Напускная важность, которая особенно удавалась Закорину, усиливала его влияние. К тому же держался он молодцевато, а снисходительная улыбка его обескуражила бы любого и без того малосведущего в искусстве человека, который попытался бы вдруг обличить его в бездарности. В кругу этих людей он чувствовал себя уверенно и спокойно, их внимание к его особе щекотало самолюбие.

А дома Закорина частенько встречали тетушки. В прошлом выходцы знатного в городе семейства, они старались сохранить свой статус. Закорин был чирей на теле их знатности, поэтому они не упускали возможности засыпать его упреками. Упреки их сводились к самому простенькому – недовольству тем, что он «сидит на шее матери», которая на свою крохотную пенсию содержит его. Самым унизительным для Закорина было то, что они требовали, чтобы он пошел работать. Кем? Чернорабочим, у него нет никакой специальности. Возмущало, что этого требовали те, кто когда-то хором пророчил ему будущее в большом искусстве, увидев в нем талант еще в раннем детстве. Они лелеяли эту мечту, купали в ней мальчишку. Надеялись, что он будет украшением их знатного рода.

Одного не учли тетушки, что талант нуждался в заботе, а мать мальчишки, рано оставшись вдовой, растила его на крохотную учительскую зарплату, едва прикрывая свою и сыновнюю наготу.

Утолив свою ярость, тетушки расходились по домам, и тогда его старенькая, совсем ссутулившаяся мать, подходила к нему, чтобы зализать раны, нанесенные ему тетушками.

–Да ладно, мама, разве они способны понять? Успокойся. Я не сижу, сложа руки, ищу сейчас возможность выставить в городе свои работы. Это отнимает много времени, ты же понимаешь,– говорил он матери, прижимая ее голову к своей груди.

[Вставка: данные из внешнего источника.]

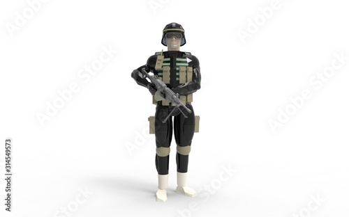 Fototapeta premium 3d rendering of a soldier wearing equipement and uniform in studio.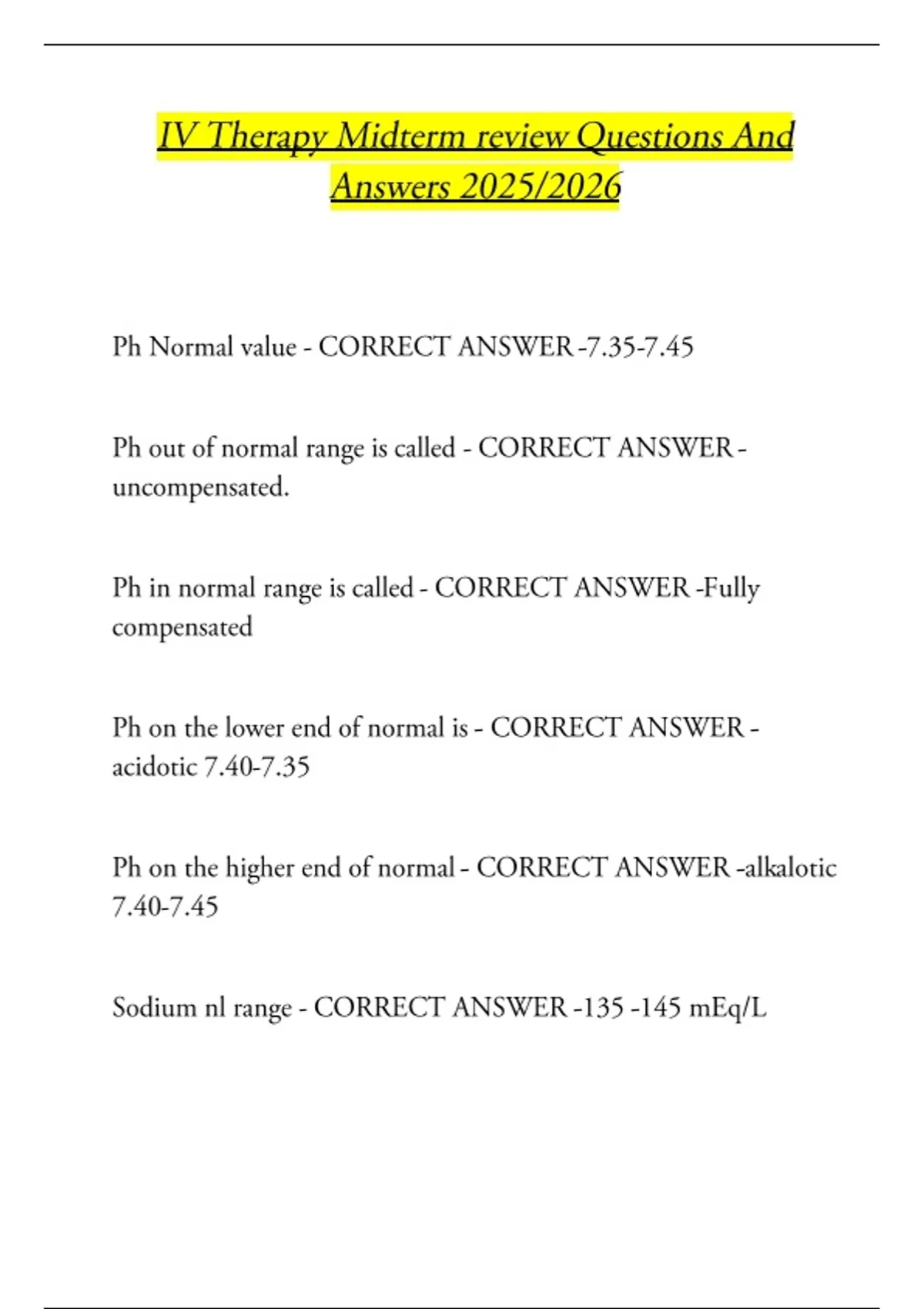 IV Therapy Midterm review Questions And Answers 2025/2026

Потом Закорин уходил в свою комнату. Лихорадочно защелкнув замок в двери, как зверь, улизнувший от погони, он наконец ощущал свободу. В полном одиночестве он снимал маску преуспевающего художника, которую носил весь день, тяжело опускался на стул и долго-долго сидел так в бездействии, и жалкая слеза стекала по его щеке.

Глава 3

Гюзяль подошла к фасаду Алмаатинского Дома правительства, встала под колонну и подняла голову. Высота колонны сразу придавила ее, она почувствовала себя маленькой, беззащитной и одинокой в этом чужом городе, куда приехала, чтобы поступать учиться. Впереди ждали вступительные экзамены, надо было преодолеть конкурс. Но это потом, а сегодня стояли проблемы куда важнее, ей было негде переночевать. Денег, которые дал ей отец из месячного своего заработка, не хватало ни на оплату квартиры, ни на питание. Часть денег, которые потребуются на обратную дорогу, Гюзяль положила на самое дно чемодана.

Сдав документы в приемную комиссию университета, Гюзяль купила маленькую булку ржаного хлеба, села на лавочку, возле университета и, крадучись, чтобы не видели прохожие, ела, отламывая крохотные кусочки. Скоро она поняла, что в этом большом городе ни у кого нет дела до нее, и успокоилась. С полным желудком стало значительно веселее, и Гюзяль слегка прогулялась, особо не отдаляясь от университета, чтобы не заблудиться. Вечерело, и пора было подумать о ночлеге. Долго искать не пришлось. Гюзяль осенила мысль, что можно переспать во внутренней полке длинного типового стола, специально предназначенного для продажи книг на улицах города.